Actually, this is what I'm doing :) But it still doesn't answer the question (hopefully I'm asking it right). I specifically do not want to have to '.Select(n => new....)'. The point is that I want the query itself to be flexible. In the event that I add a column (and poco class property) I don't want to have to go through the entire DAL to change the '.Select(n => new' statements.
@Michael'mital'Pedersen - Can you give an example of why you want to modify the entity property directly, instead of adding a property via a partial class?
it's all a matter of performance. Let's say "StartTime" is UTC and I want to display 100,000 records with the datetime converted to a different timezone. In this case I want the SQL Server to add 120 minutes (example) to StartTime before returning the results.

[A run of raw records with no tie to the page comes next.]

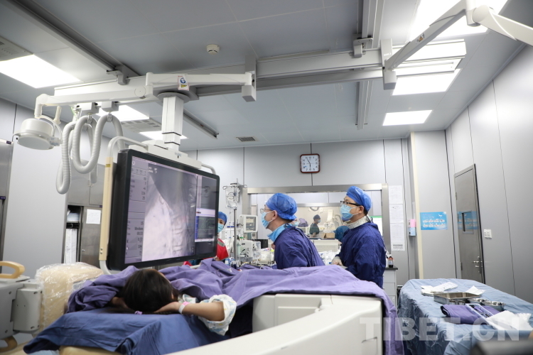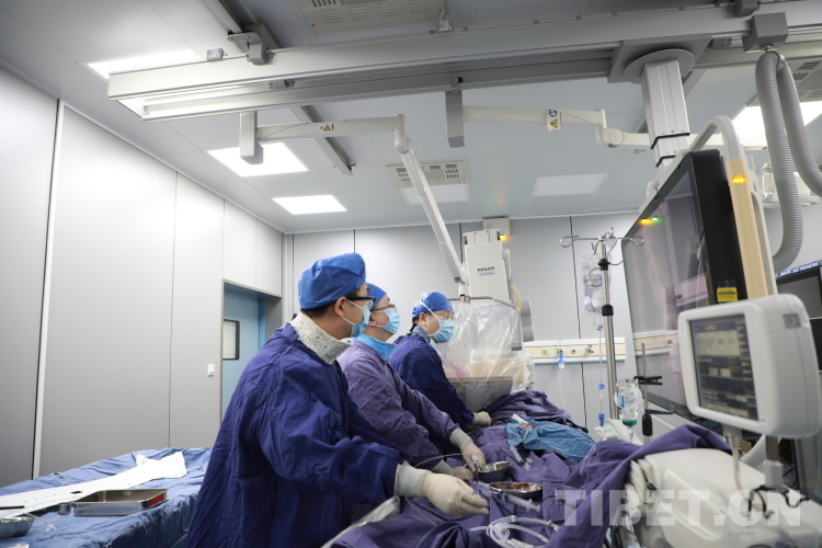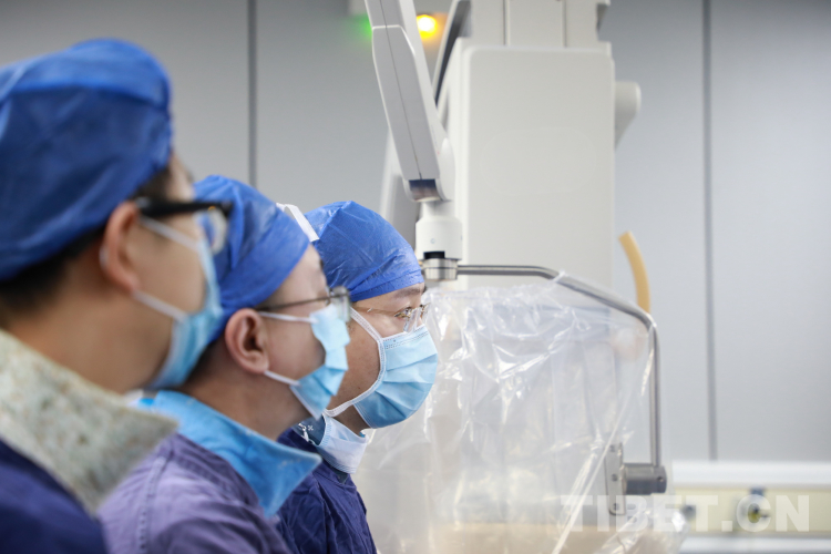 圖為北醫(yī)三院院長助理唐熠達(dá)教授(右一)帶領(lǐng)專家團隊在為來自青海省果洛藏族自治州的先心病患兒手術(shù)時觀察導(dǎo)管行進(jìn)情況 攝影:劉莉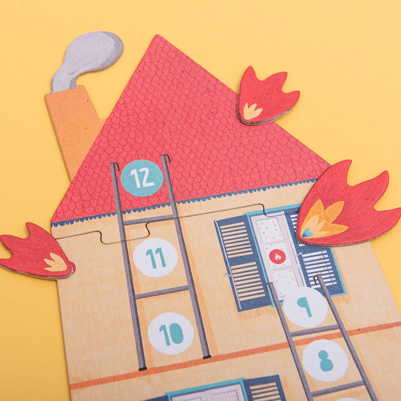Ein kooperatives Brettspiel für Kinder ab 4 Jahren, bei dem wir den Feuerwehrleuten helfen müssen, ein Kätzchen aus dem Feuer zu retten! Im Taschenformat für unterwegs.
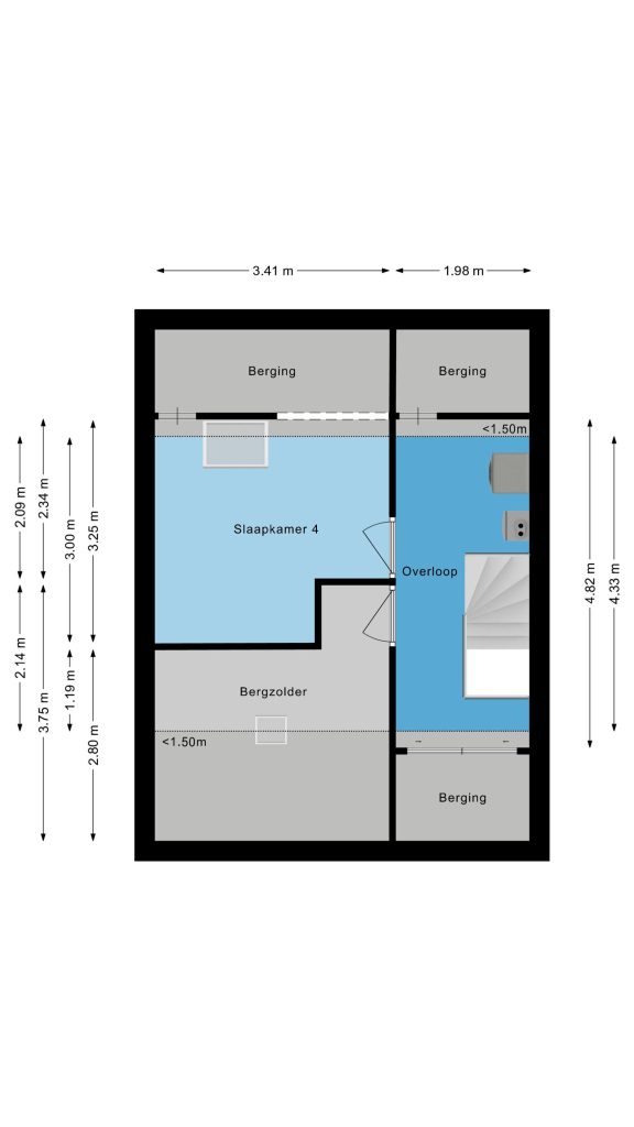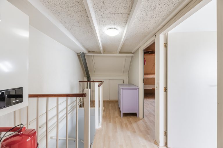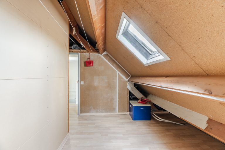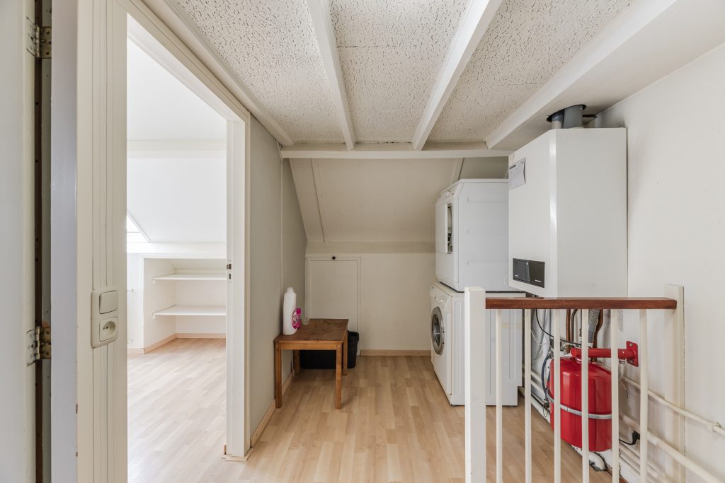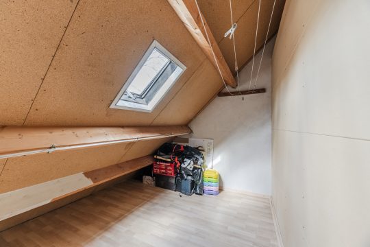 Daarnaast beschikt deze verdieping over een royale bergzolder met laminaatvloer en dakraam, met daarboven nog een praktische vliering, waardoor je meer dan voldoende plek hebt voor al je seizoensspullen en opslag.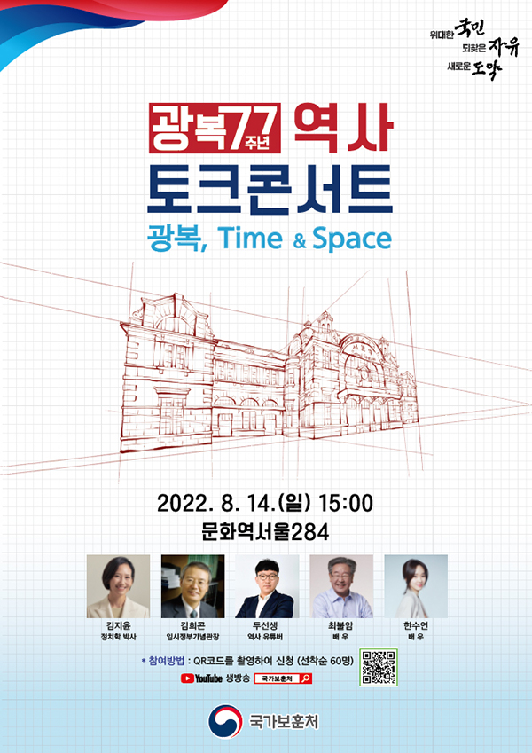 보훈처 유튜브 채널로도 생중계되는 이야기공연에는 김희곤 국립대한민국임시정부기념관장을 비롯해 역사 유튜버 한영준, 김지윤 정치학 박사, 배우 최불암, 한수연 보훈처 정책자문위원, 보훈 사적지 탐방단 대학생 등 60여 명이 참석한다.

This should perform much better than calling a property in a partial class 100,000 times.
@Michael'mital'Pedersen, What about creating a class that contains your entity plus any additional properties, this way you dont have to worry about any properties changing on your entity, but you can still do the calculations on sql server for any additional properties, take a look at the updated answer
I thought about this too. Only reason I didn't do it already is that it would introduce a second "layer" in the entity as far as DAL goes, which is what I was trying to avoid. However, for this application performance is more important that maintainability (:-/), so I'll have to set aside my aversion for DAL code logic exceptions and do as you suggest. I'm accepting this answer. Thanks :-)
0

How about this for old school?

var items = context.Titles.ToList();
foreach(var title in items) StartTime = StartTime.AddMinutes(30); 

1 Comment

Absolutely not. The 'ToList()' will cause the query to execute and property update to occur afterwards. This type of simple mass-manipulation is best placed on the SQL Server.